* **Exercise**: Exactly reproduce the lines from the line bearing "しかしココでハタと気がついた" through the end of the listing, inclusive of both; pictures are to be omitted.

* **Given material**:
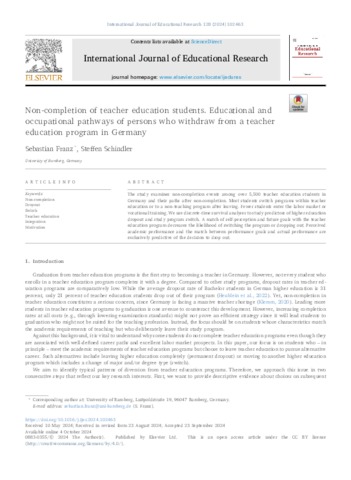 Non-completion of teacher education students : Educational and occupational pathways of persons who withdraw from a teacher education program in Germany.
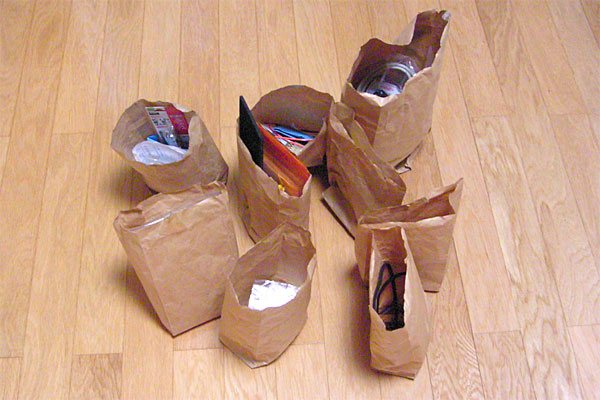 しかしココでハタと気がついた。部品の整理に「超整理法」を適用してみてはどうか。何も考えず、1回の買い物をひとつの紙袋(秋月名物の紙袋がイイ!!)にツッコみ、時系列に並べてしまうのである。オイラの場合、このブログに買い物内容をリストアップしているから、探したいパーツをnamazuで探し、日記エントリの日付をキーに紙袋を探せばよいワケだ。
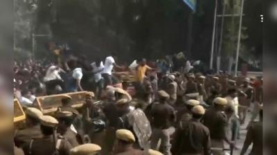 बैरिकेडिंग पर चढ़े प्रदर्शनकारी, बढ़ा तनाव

* **Reply**:
 しかしココでハタと気がついた。部品の整理に「超整理法」を適用してみてはどうか。何も考えず、1回の買い物をひとつの紙袋(秋月名物の紙袋がイイ!!)にツッコみ、時系列に並べてしまうのである。オイラの場合、このブログに買い物内容をリストアップしているから、探したいパーツをnamazuで探し、日記エントリの日付をキーに紙袋を探せばよいワケだ。
 बैरिकेडिंग पर चढ़े प्रदर्शनकारी, बढ़ा तनाव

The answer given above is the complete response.